What someone cleansed says


          Verse 9, “If we confess our sins, he is faithful and just to forgive us our sins, and to cleanse us from all unrighteousness.”  And this is why it is so important, verse 8, that we understand that.  You can’t get to verse 9 without verse 8.  So, again, this emphasis about being honest about our sin.  That is where it needs to start, if we’re ever going to find healing in our lives.  This brings us to our fourth point, what someone cleansed says, what someone cleansed says.  What does someone who has been cleansed from their sin, what do they say?  Well here we see they say the same thing that God says about their sin.  The Greek word for confess, if we confess, means to acknowledge in agreement with another.  So when we confess, we are acknowledging, in agreement with God, the Holy Spirit, we are confessing ‘I agreewhat you declare about my sin is true, God—this I’ve done, these things I’ve done are sin, I agree, I confess to you, I also repent in my heart that this is wrong and I chose to turn from my sin.’  So it’s to acknowledge ‘Yes, God, these things that I’ve done are wrong, these things that I’ve done are sin, these things are wickedness, deserving of judgment, these things are evil.’    That’s what it means to confess, to agree with God.  Now the fact that the word for “confess” is also in the Greek in the present indicative indicates this process of confessing continues, it’s in the continual tense.  It is something that we do all along, it’s something that is energized every time the thought comes into my mind, ‘That was wrong, what I said was wrong, what I just did is wrong.’  It’s in that continual tense of when I’m convicted about sin, I then confess to sin immediately.  [The late Dr. Bill Bright called this “spiritual breathing, confessing, then repenting…]   So, the word here, as we noted a moment ago too, is in the plural, it’s “sins”.  He’s referring to specific acts of sins, not like in verse 8, the nature of sin, the sin nature, he’s referring to specific acts of sin. So whenever I sin, any act of sin, if I confess my sin, then the rest of this verse holds true.  So, may we all leave this morning with the understanding that it is vital for us to be honest, honest with ourselves, and honest especially with God, and as we’ll go on, honest with one another. 
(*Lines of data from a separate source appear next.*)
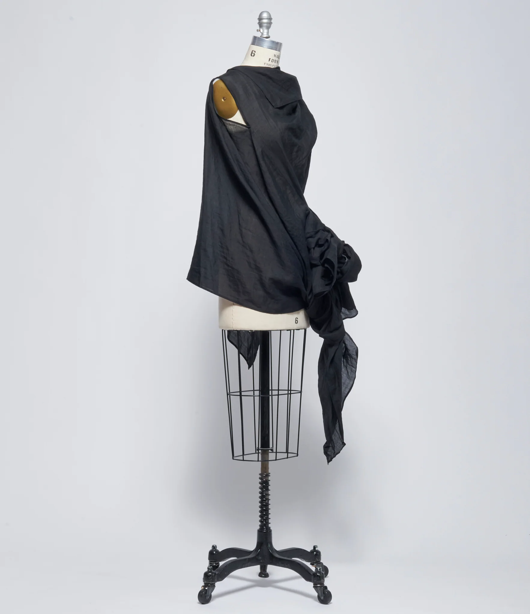 Ramie top in black. Asymmetric draped silhouette with relaxed fit. Hip length with uneven hem. Wide folded boat neckline extending into off-shoulder draped construction. Integrated self-tie fastening at waist forming gathered knot detail. Lightweight gauze texture with soft crinkled finish. 100% ramie. Dry clean only. JP sizing. Made in Japan. Mannequin is wearing size 2. Mannequin size 6.
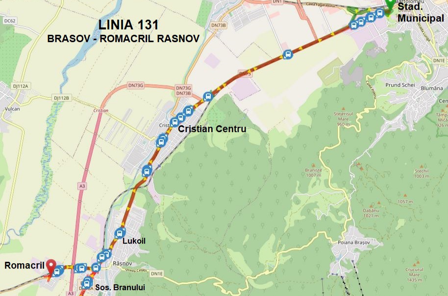 În zilele lucrătoare, RATBV va efectua 13 curse (dus/întors) pe linia 131, cu primele plecări la orele 04.50 din Stadionul Municipal (Braşov) şi 5.20 din capătul Romacril (Râșnov). În zilele de sâmbătă, duminică și sărbători legale se vor realiza 11 curse (dus/întors), cu primele plecări la orele 6.00 din Stadionul Municipal (Braşov) şi 6.40 din capătul de linie Romacril (Râșnov).
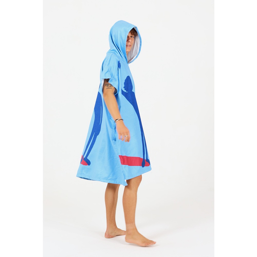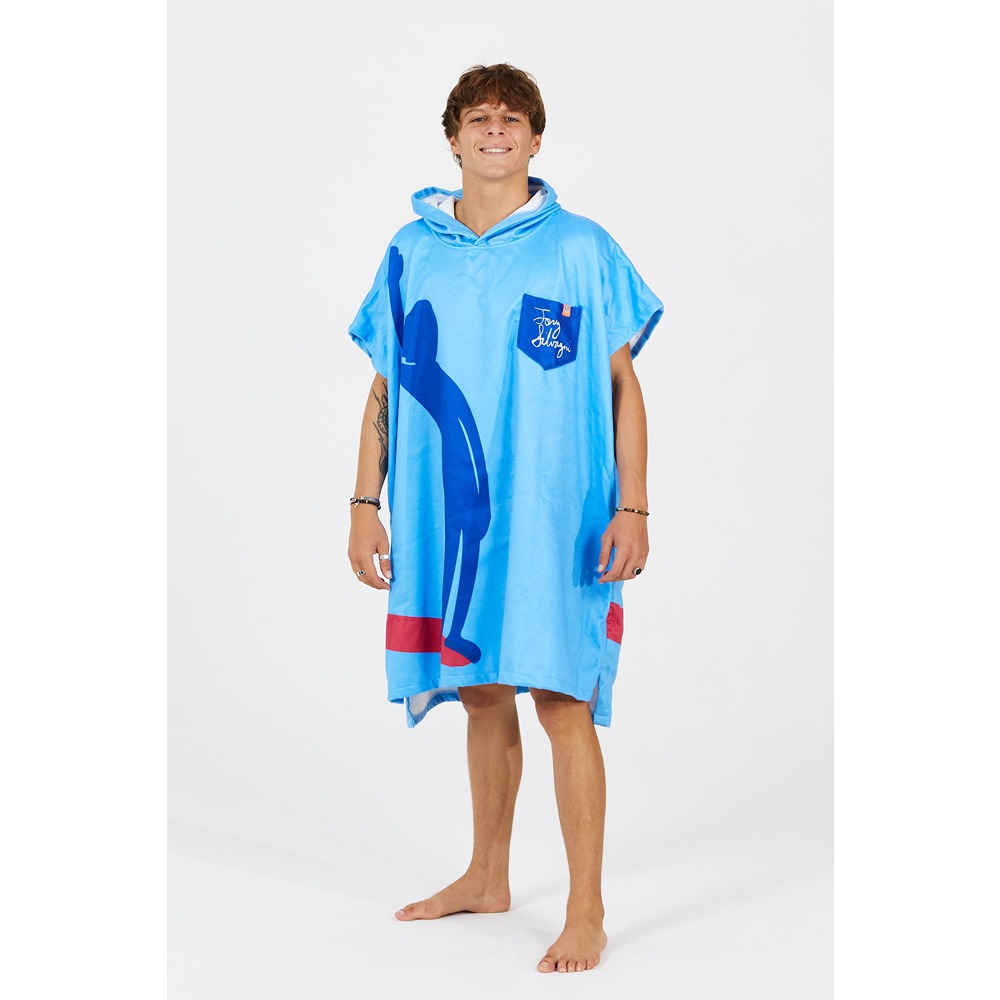For his Pro Model, American longboarder Tony Silvagni has designed a poncho that reflects his personality and pays tribute to the art of longboarding. Bright colours bring a sense of good vibes and joy, while the silhouette of a surfer in a classic hang-five soul arch captures the spirit of the log. Tony’s signature on the chest pocket is a nod to his discipline and personal style.
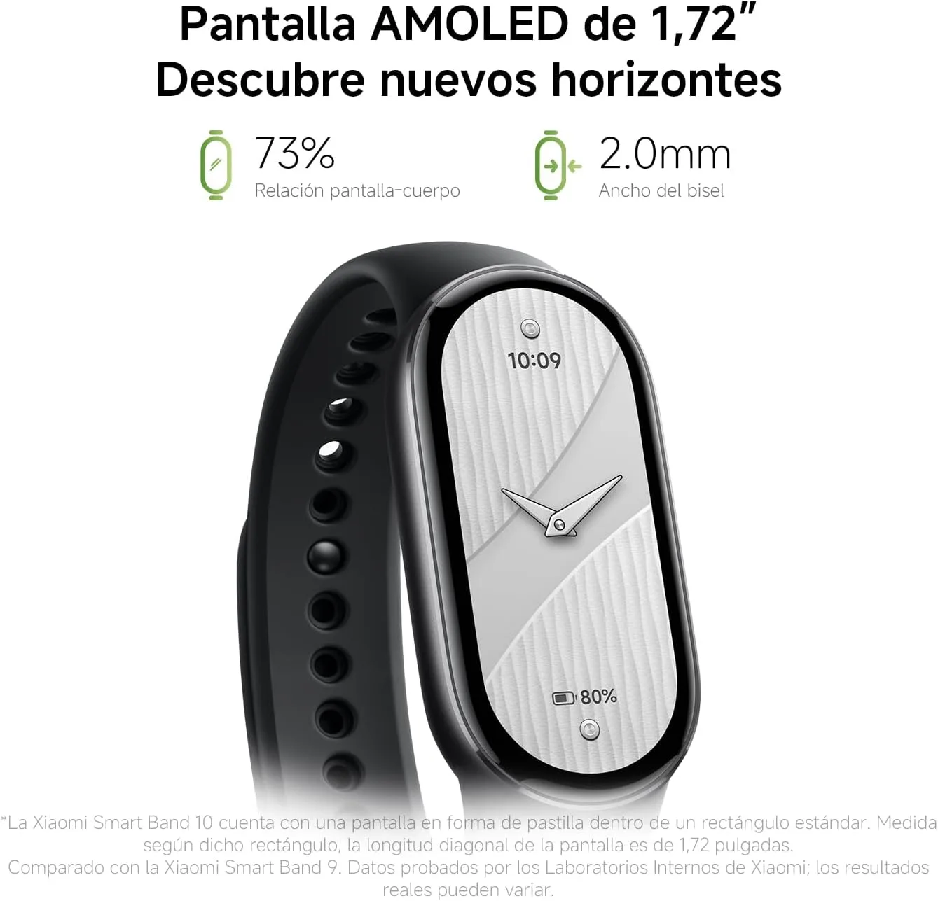 Xiaomi Smartband 10, Pantalla AMOLED de 1,72”, Carga rápida, 150+ Modos Deportivos, Monitorización de Salud y sueño, HyperOS 2.0, Impermeable 5ATM, Brújula
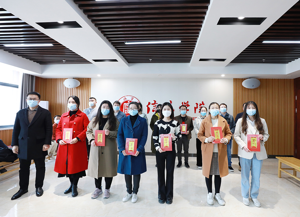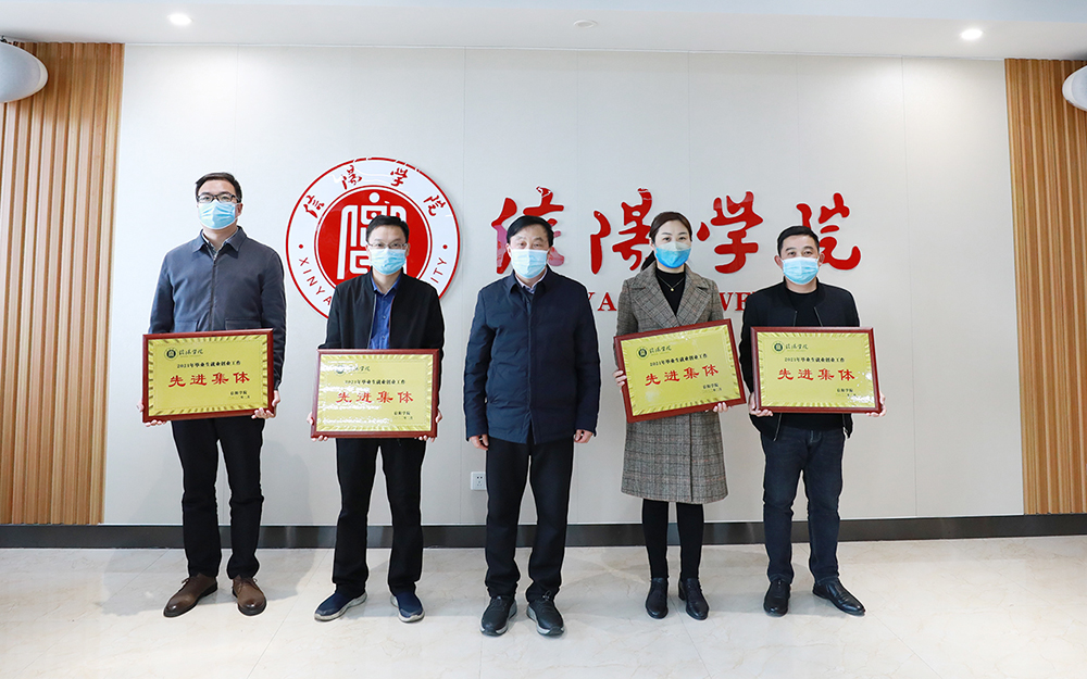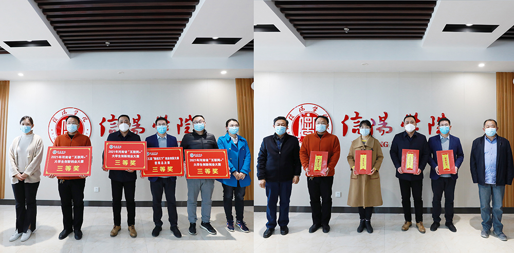 在热烈的掌声中,余婷婷、李肖利为创新创业优秀团队颁奖;陈文涛、江成顺为创新创业优秀指导教师颁奖;杨高伟为2021年就业创业工作先进个人颁奖;王志华为2021年“挑战杯”优秀组织单位颁奖;施昌海为2021年就业创业工作先进集体颁奖。
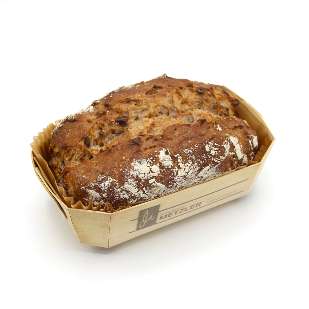 Zutaten: Wasser, Weizenmehl, Roggenmehl, Sauerteig (Roggenmehl, Wasser), Walnüsse, Äpfel, Salz, Hefe, Leinmehl
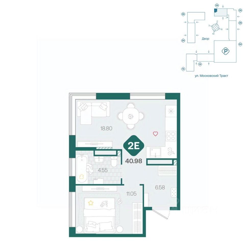 Квартира в квартале ''Дружеский'' на улице Кремлёвской рядом с Московским трактом. Здесь два дома разной этажности — они объединены приватным двором без машин. Вместо них зоны отдыха и детские площадки из натуральных материалов. Рядом супермаркеты с пунктами выдачи, новая школа и торговый центр ''Колумб''. Планировка в европейском формате с просторной спальней. В ней и в прихожей — ниши для хранения. В спальне два окна, которые выходят на разные стороны. В квартире предчистовая отделка: стены оштукатурены и выровнены по общему уровню, на полу слой цементно-песчаного раствора с дополнительным гидроизоляционным слоем в ванной. Проведена электрика и готовы розетки с выключателями. А ещё установлены сейф-двери и счётчики с телеметрией. Для жителей дома работает приложение. Там можно оплатить счета, написать управляющей компании и позвать мастера на дом. За него не нужно платить или оформлять подписки — просто установить и зарегистрироваться. С этим поможет управляющая при получении ключей. Узнать дополнительную информацию и записаться на встречу в офисе продаж можно по номеру, указанному в объявлении.

          Now, this is also necessary, this is important for me even to become saved, I have to be honest about my sin nature and about my sins.  Like Eddy Martin in his prayer, ‘Lord, I’ve committed many sins, I’m a no-good sinner.’  That’s so important, I have to confess that to God to even get to salvation.  But it’s also important here, this is written to the church, it’s vital for me to continue to have this heart of humility, this seeing my sin in a certain way and confessing it to the Lord, in order for me to continue to walk in the light.  As you just follow the logic of this passage, God is light, in him is no darkness at all, and so, 1st John 1:7, if we walk in the light we have fellowship with God, but what he means by walking in the light is that continual ‘OK, I’m a Christian, I’ve sinned, I confess my sin, I get cleansed, I get made right, I’m forgiven, and I continue now to walk in the light.  It’s being cleansed, as he says in the end of verse 7 “and the blood of Jesus Christ his Son cleanseth us from all sin.”  So walking in the light isn’t living a perfect life, walking in the light is just that continual humble heart, walking in the light is an honest heart before God, is what it is.  Continuously, wanting to do the right thing, but when I struggle, when I stumble, as James says, I come honestly before God, I say “God, I’ve sinned.  God, forgive me.”  That’s how we walk in the light.  It isn’t suddenly I become this really holy spiritual person and I live in perfection where I live this sanctified holy life, as this other doctrine had taught, it just means it’s an honest life.  That’s what it is.  To walk in the light is just to be honest continuously before the Lord.  Desiring the right thing, but know when I mess up and I trespass and I get outside of God’s standard, I need to make my heart right before the Lord.  What a great word, too, “if we confess our sins, he is faithful”.  Man, I’m glad it’s put in there.  I’m glad that’s put right there.  “He is faithful.”  “He is absolutely faithful to forgive me of my sin and to cleanse me from all my unrighteousness.”  Now he is perfectly faithful, he is consistently faithful, anytime I come, I can be completely confident “God, forgive me,” he hears me, he is faithful and he’s going to respond and cleanse me, forgive me, heal me of my sin.  I am thankful for that word.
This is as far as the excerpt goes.